Troubleshoot pod startup failures and runtime errors - Container Compute Service

When a pod fails to start, crashes repeatedly, or behaves unexpectedly, use this guide to identify the root cause and resolve the issue.

Diagnostic workflow

Check the pod status. If the status is anything other than Running, see Pod status reference for targeted solutions.
If the pod is Running but not behaving as expected, see Running but not working as expected.
If the pod was terminated due to an out-of-memory (OOM) error, see Troubleshoot OOM errors.
If the issue persists after troubleshooting, submit a ticket.

Pod status reference

Status	Meaning	Solution
Pending	Not scheduled to a node	Pods stuck in Pending
Init:N/M	N of M init containers started	Pods stuck in init container states
Init:Error	Init container failed	Pods stuck in init container states
Init:CrashLoopBackOff	Init container in a crash loop	Pods stuck in init container states
ImagePullBackOff	Failed to pull a container image	Pods stuck in ImagePullBackOff
CrashLoopBackOff	Application crashing repeatedly	Pods stuck in CrashLoopBackOff
Completed	All containers exited after finishing the startup command	Pods stuck in Completed
Running	The pod works as expected, or is running but not working as expected	Running but not working as expected
Terminating	Being deleted	Pods stuck in Terminating

Diagnostic tools

All diagnostic tools are available in the ACS console. Start by navigating to the pod:

Log on to the ACS console. In the left navigation pane, click Clusters.
On the Clusters page, click the name of the target cluster. In the left navigation pane, choose Workloads > Pods.
In the upper-left corner of the Pods page, select the namespace to which the pod belongs. Find the pod in the list.

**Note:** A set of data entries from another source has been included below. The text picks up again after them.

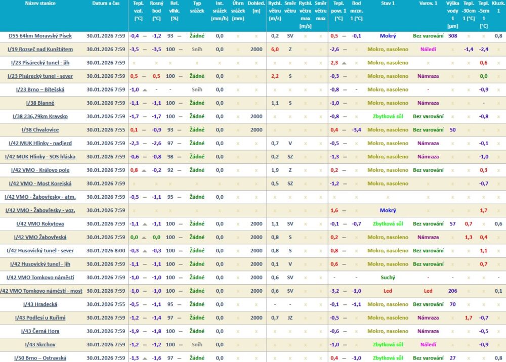 Dálnice a silnice I. tříd v Jihomoravském kraji jsou dnes ráno mokré, nasolené. Ačkoliv jsou vozovky chemicky ošetřené, upozorňujeme řidiče na riziko tvorby námrazy a náledí! Zvýšenou opatrnost doporučujeme zejména v těchto úsecích komunikací: I/54 Silničná, I/19 Rozseč nad Kunštátem, I/43 Černá hora a VMO v Brně viz přehled níže.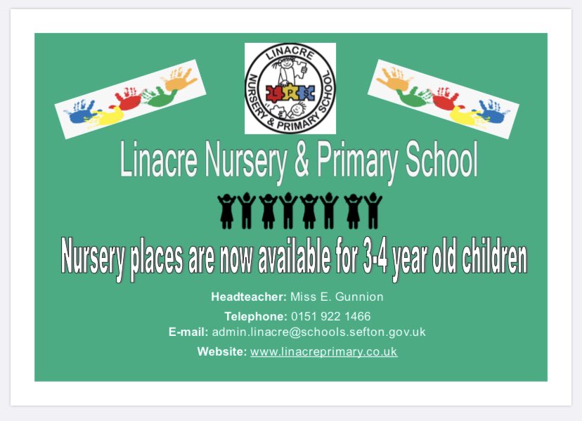 Please contact our school office for Nursery places. Please feel free to share with anyone else that requires a place. @Linacreprimary #gettingtogood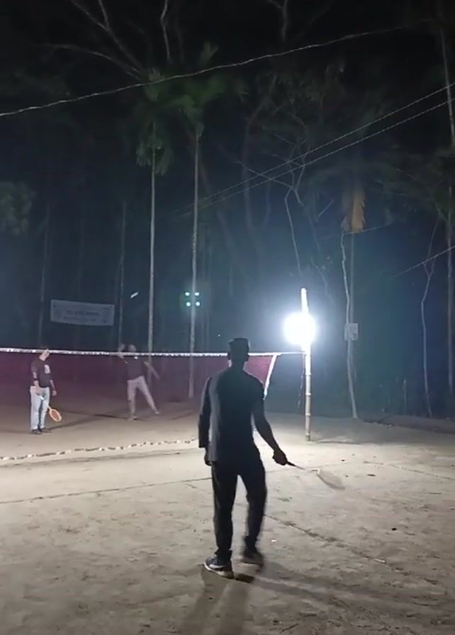 Three men play badminton on a dirt court under bright lights at night. The court is defined by a net, and the players are using rackets to hit a shuttlecock back and forth. Palm trees and other trees surround the court. Power lines are visible overhead.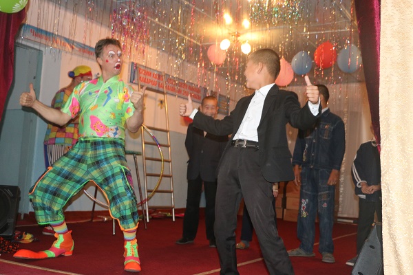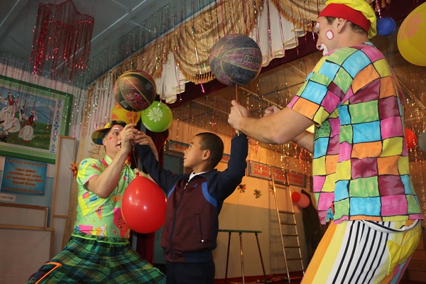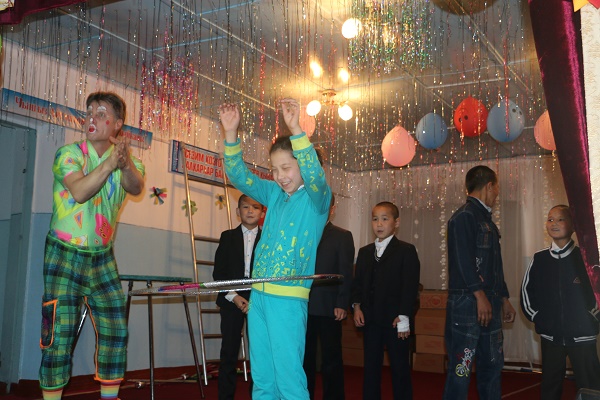 The opening speeches were made by School Director Juraeva R.D., Managing Director of Leylek Branch Majitov A., Sulukta Town Vice-Major Saparkulova M.E. After opening circus artists started a colorful and joyful performance.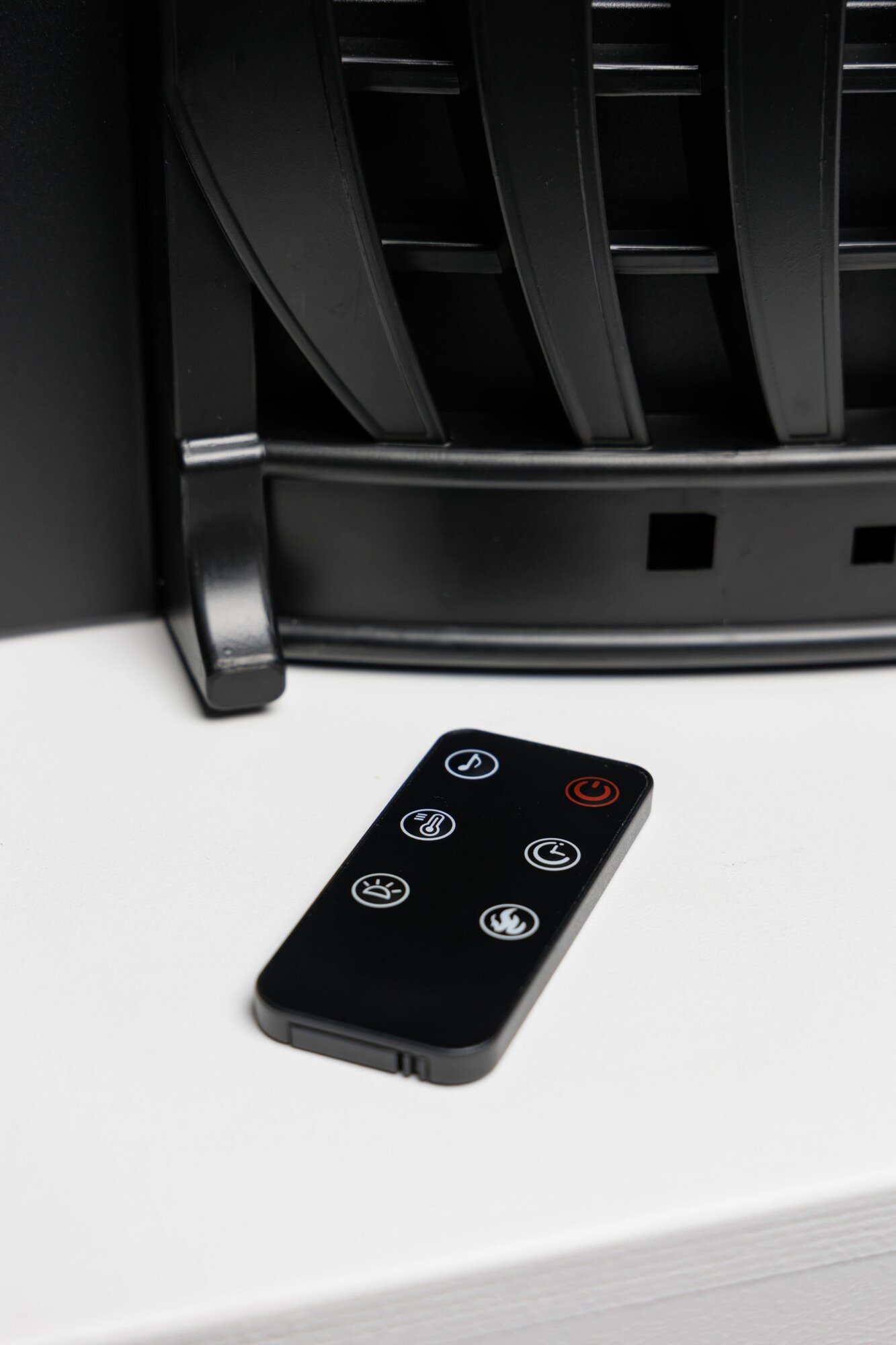 Камин электрический ELEKAM NEO белый+чёрный с очагом с пультом, обогревом и звуком потрескивания дров (Электрокамин)

Then use any of the following tools:

View pod details

Click the pod name or click View Details in the Actions column to view information such as the pod name, image, and IP address.

View pod configuration (YAML)

Open the pod details page and click Edit in the upper-right corner to view the YAML file and configuration of the pod.

View pod events

Open the pod details page and click the Events tab in the lower section.

Note

Kubernetes retains events from the previous hour by default. To retain events for a longer period, create and use an Event Center.

View pod logs

Open the pod details page and click the Logs tab in the lower section.

Note

Alibaba Cloud Container Compute Service (ACS) integrates with Simple Log Service. Enable Simple Log Service when creating a cluster to collect log data from standard output and text files. For more information, see Collect application logs by using the environment variables of pods.

View pod monitoring

Log on to the ACS console. In the left navigation pane, click Clusters.
On the Prometheus Monitoring page, click the Cluster Overview tab to view CPU usage, memory usage, and network I/O for pods.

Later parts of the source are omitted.